Attorney-General Brewah & Vice President Jalloh
In November 2020, Dr Bright and I visited the H.E. the Vice President and the Attorney General and Minister of Justice to seek their support. They informed us about the work of the Ministerial Committee on the Justice Cowan Constitution Review Committee report. We gave them copies of our documents. They promised that the Coordinator of the Committee would contact us. To date, we have not yet been contacted.
Note: I met with H. E. the President twice this year on the above issues. He promised to act. I look forward to meeting him and his team again in the near future.
From the above narration, one could discern our strenuous efforts for bipartisanship to mobilize support for a progressive and inclusive governance agenda.
I urge that:
- We set up the mechanism for the diaspora to register and vote in their countries of residence within the shortest possible time, and
- Pass legislation to grant women and young professionals greater political participation.
I am convinced that a public debate of my proposed Bill will set the stage for the Government’s White Paper on the Constituion Review Committee report. Both efforts can converge to yield a more inclusive polity.
In March 2013, Mrs Cheri Blair and I lobbied former President EBK for the 30% quota. Having women contest in “safe seats” is one way to work towards the 30% quota for women (this yields 32 seats out of 146, or 22%).
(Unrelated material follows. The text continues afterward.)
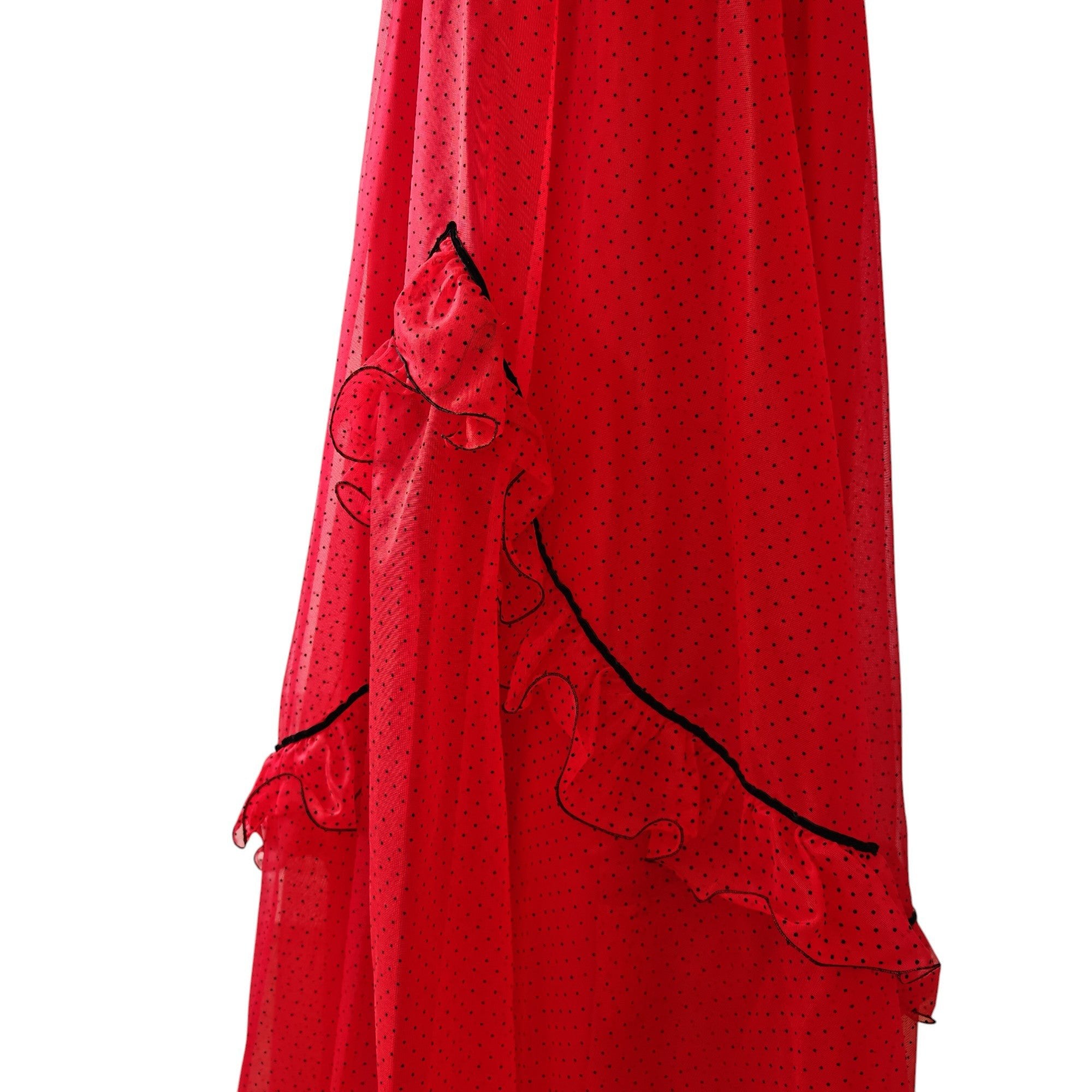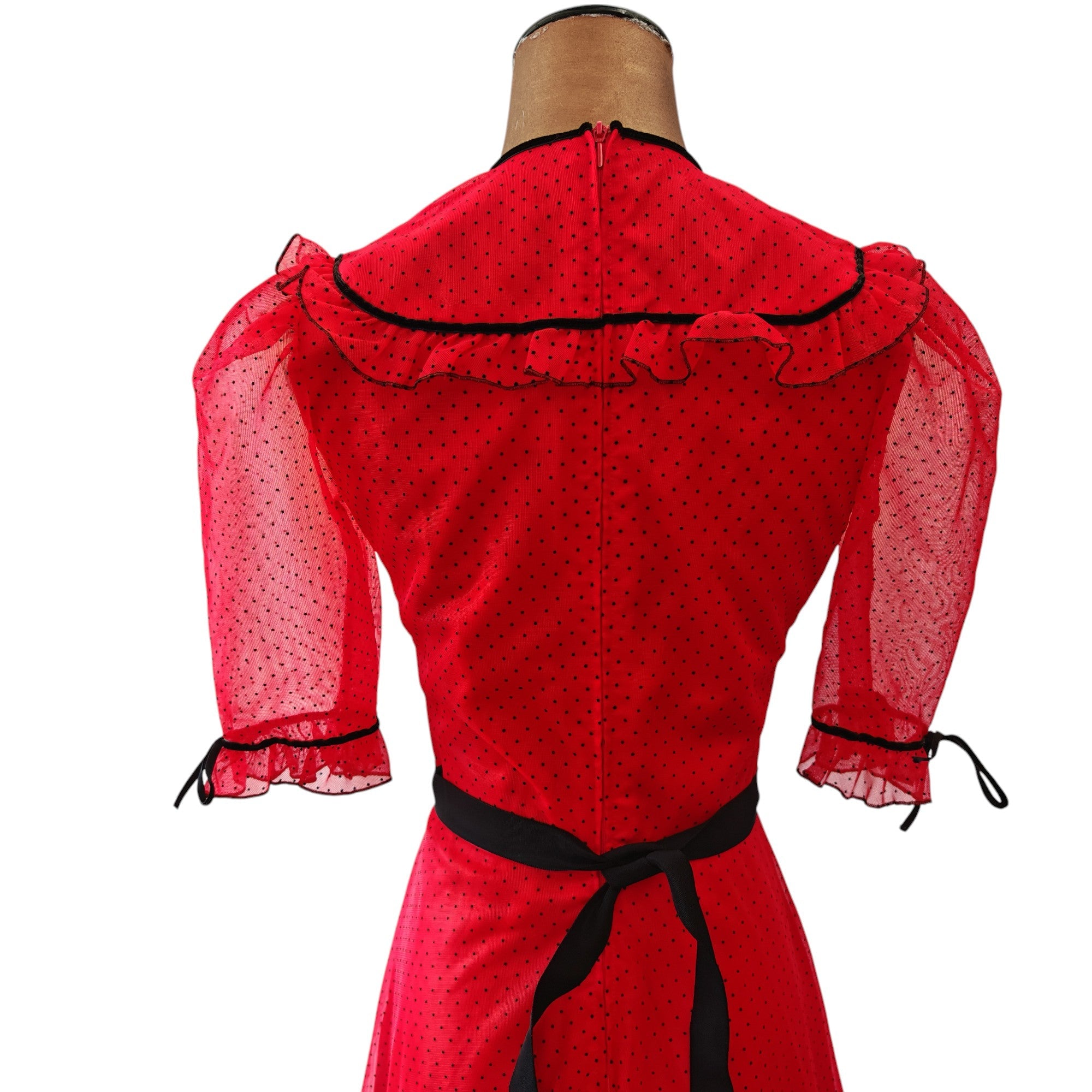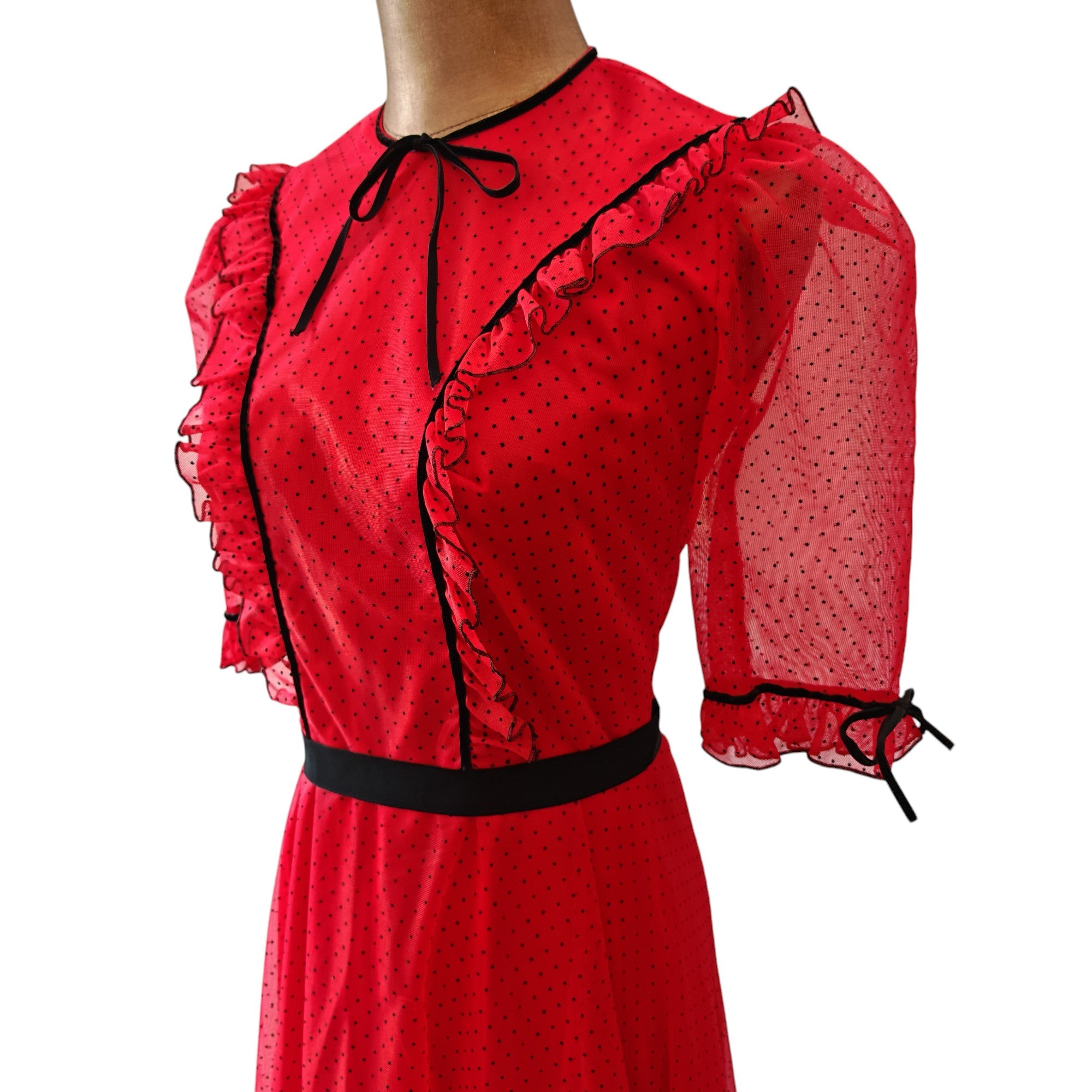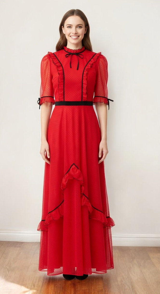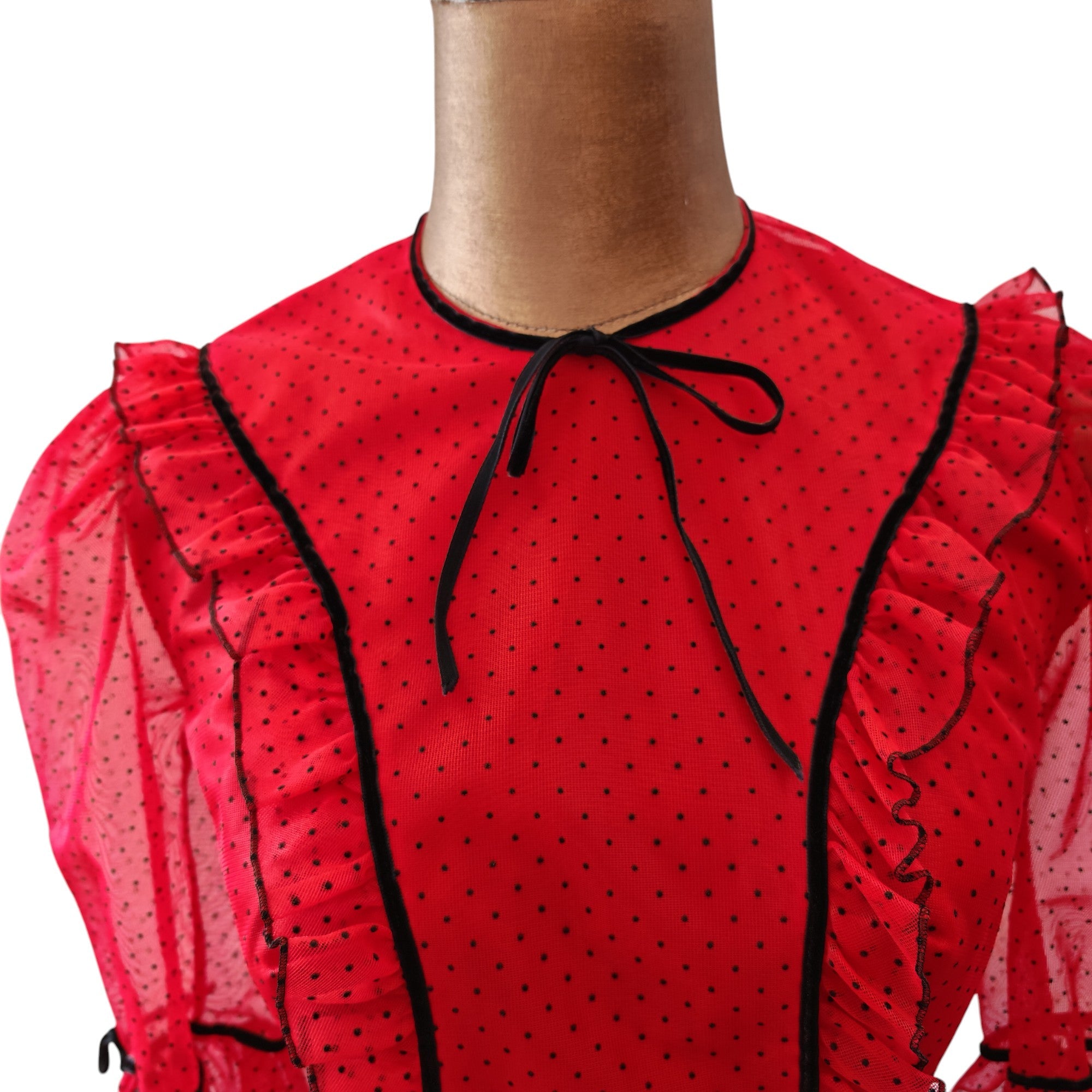 - fitted bodice, with ruffled & black velvet trims

In a proportional representation system, you can require all party lists to have at least 30% women, and they should be high up on the list (not at the bottom). NEC can review the lists submitted by political parties.
So there are many ways to achieve the affirmative action for women in politics. The safe seats approach is the minimum, my 30% proposal is midway to the 50/50 parity level. The public debate could yield other pathways. That is why gazetting the bill is necessary to allow the discourse.